For increasing the comparability, multivariate logistic regression analyses found the adjusted odds ratios of ‘score below the expected range for age’ in patients with SLE and AS gain the highest, 6.5 times and 5.6 times higher risk, respectively. Patients with RA and SLE achieved a higher risk of osteopenia, achieving 4.5-fold and 2.8-fold respectively. Moreover, the strongest association with osteoporosis was found in AS, reaching 5.8 times higher.

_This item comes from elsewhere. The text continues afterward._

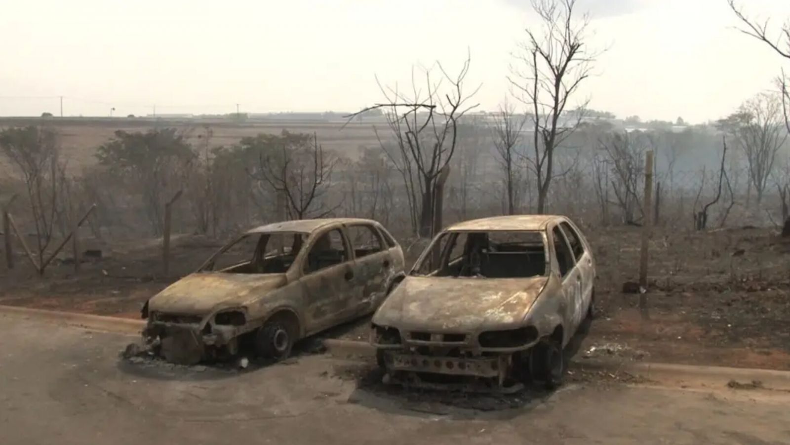 Vários carros foram atingidos pelas chamas após o incêndio. No momento do fogo, um morador tentou controlar as chamas utilizando um extintor.

OA, pSS, gout, and MCTD were not discovered related to higher risk of bone loss in our study. Except for the small sample size, a plausible scenario could be in the follows. OA is an age strongly-related degenerative disease, and BMI has opposing effect on OA and OP; also, local inflammation caused by mechanical injury, rather than systemic one caused by autoimmunology, is its salient feature [35]. Whether pSS would gain higher prevalence of OP or osteopenia is still uncertain [12], and in present study were mostly in early-onset and untreated. That might be another reason why risk of bone loss in these patients did not increase. A protective effect of uric acid (UA) on lumbar spine BMD has been reported in male patients [36] and hypothesized its potent antioxidant effect or via its interaction with the vitamin D/parathyroid hormone pathway [37], but high levels of serum UA (sUA) could cause oxidative stress and microinflammation as a pro-oxidant [38]; the role that high sUA/gout plays in OPF is also paradoxical [39‐41]. In our study, likewise, hyperuricemia showed a positive effect on OP.

The well-known association [1‐3] of elder age, female and underweight (BMI < 18.5 Kg/m²) were also found associated with OP in our study, similar to the reported [19, 25, 42]. But the contrast was found in ‘score below the expected range for age’. It might be attributed to more than half of AS patients were young male (68.8%) in our study, who were strongly related to impaired BMD, and in female patients, estrogen has direct effects on osteocytes, osteoclasts, and osteoblasts, leading to inhibition of bone resorption and maintenance of bone formation [3, 43]. Obesity was found even as a protective factor for BMD, as reported befor e[44]. Dyslipidemia was found a protective factor for osteopenia and osteoporosis, probably it is one of the results of obesity; the association between lipid profiles and osteoporosis is still uncertain [45]. Post-menopause is well-documented risk factor for OP, owing to low level of estrogen, and 3.5 times (in those with GC) and 9.3 times (in those without GC) higher risk than male peers were found in our study.

Disease duration is correlative with age and partially reflecting the therapeutic period of GC. Long-term GC therapy and high cumulative dose have been proved to be strongly related to OP and fragile fracture [16, 46]. In a previous South Korean study [5] showed that evaluated cumulative GC dose did not correlate with reduced BMD in different detective sites but those who had a history of taking GCs. Likewise, our results showed a higher risk of bone loss upon chronic GC therapeutic history.

In addition, we found regular alcohol and cigarette intake had a protective effect upon osteopenia and osteoporosis in older patients without GC therapy, but there were still insufficient samples and undetailed daily and period of consumption in our study. A British study [47] on 651 young males showed that moderate alcohol intake perhaps benefited to BMD, but smoking was detrimental, even short duration of smoking.

This study has limitations. First, we could not exclude the possibility of patient selection bias, because the 4 centers participating in this study were tertiary referral centers in Southern China. Second, in-patients with higher disease activity and longer disease duration, and healthy subjects with higher traditional risks are more willing to receive BMD examinations because hospitalized patients can reimburse the fee BMD test cost. Therefore, our study revealed a higher prevalence of OP than the previous reported. Third, cross-sectional studies could not control baseline as balanced as prospective study; it could not reveal dynamic changes with time, neither. We are looking forward to a long-term follow-up study on the BMD change, and to demonstrate potential risk factors of bone loss in rheumatic patients.